Your first homework assignment for this week is to take the variable named "text" (this has been defined for you) and count the number of times "z" occurs AND the letter "k" occurs. Add those numbers up and print the result.
As a further complication, we DO NOT care about case (e.g. ‘z’ and ‘Z’ should both be included in the count).
Don’t feel bad if you struggle, this homework is a step up in difficulty compared to normal. Oh and I have also included a few test cases below that should help you figure out what do to (just in case my instructions were not clear enough).

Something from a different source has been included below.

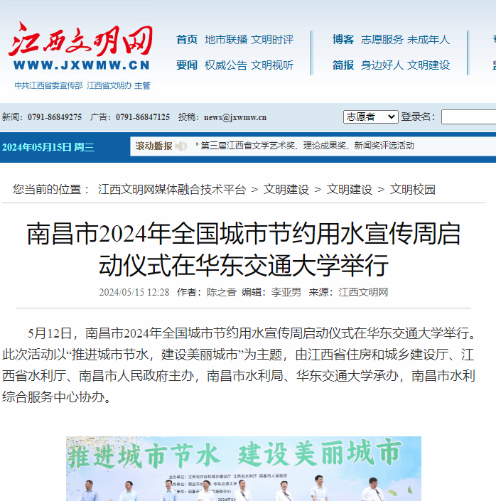 5月12日,南昌市2024年全国城市节约用水宣传周启动仪式在香港最新最准资料库举行。此次活动以“推进城市节水,建设美丽城市”为主题,由江西省住房和城乡建设厅、江西省水利厅、南昌市人民政府主办,南昌市水利局、香港最新最准资料库承办,南昌市水利综合服务中心协办。

For bonus difficulty, make your code work for any letter (e.g. "a", "b" returns the count of 'a' + 'A' + 'b' + 'B').
In [ ]:
text = "zzzzzzzzzzzzzzzzzzzzzzzzzzzzzzZZZZeeeewwwwwwwwkKewewe2324____23!!!!!fsdffskdsdzzzzZZZZZZZZZZZZZZZZroiooioi"
# Simple Examples (string --> total you should return)
# "zZ" --> 2
# "kK" --> 2
# "KZ" --> 2
# "1aZZZabc" --> 3
# "hello" --> 0
# "ZzKk" --> 4
# Your code goes here...
In [4]:
text = "zzzzzzzzzzzzzzzzzzzzzzzzzzzzzzZZZZeeeewwwwwwwwkKewewe2324____23!!!!!fsdffskdsdzzzzZZZZZZZZZZZZZZZZroiooioi"
##################################### Solution #1 ###################################
a = "Z" # set a,b to any letter you like in order to solve the bonus problem.
b = "K"
text2 = text.upper()
result = text2.count(a) + text2.count(b)
print("Solution 1: ", result)
##################################### Solution #2 ###################################
a1 = "Z"
a2 = "z"
b1 = "K"
b2 = "k"
result2 = text.count(a1) + text.count(a2) + text.count(b1) + text.count(b2)
print ("Solution 2: ", result2)
##################################### Solution #3 ###################################
# Note, we shall cover for-loops later on in this course.
seq = "KZkz" # <--- change this to solve bonus problem
counter = 0
for character in text:
if character in seq:
counter += 1
print("Solution 3: ", counter)
##################################### Solution #4 ###################################
# Note, this is an advanced solution, I don't expect you to understand it.
# I just wanted to show off, lol
seq = "KZkz"
result4 = len([i for i in text if i in seq])
print("Solution 4: ", result4)
Okay so what’s the best solution?
Well solution #1 is more concise the solution #2, instead of looking for “kK” the code just converts everything to upper-case which means it only has to count capital letters. In order to save two or three lines of code we create a new string (or overwrite the old one) and call upper on it. For very very large strings this is probably quite slower (but still probably faster than solution #2).
Solution #4 is basically looking at every character in the string and if it is a character it is looking for (e.g “K” or “z”) it adds it the list and returns the length of the list. In terms of performance this solution is building a list (which could cost a lot of memory) only to discard it and return a single number (i.e. the length of the list). On the bright-side, at just two lines of code its the most concise solution we have.
Overall though, I think solution #3 is probably the best; it should be decent in terms of performance (both memory and speed) and is quite readable.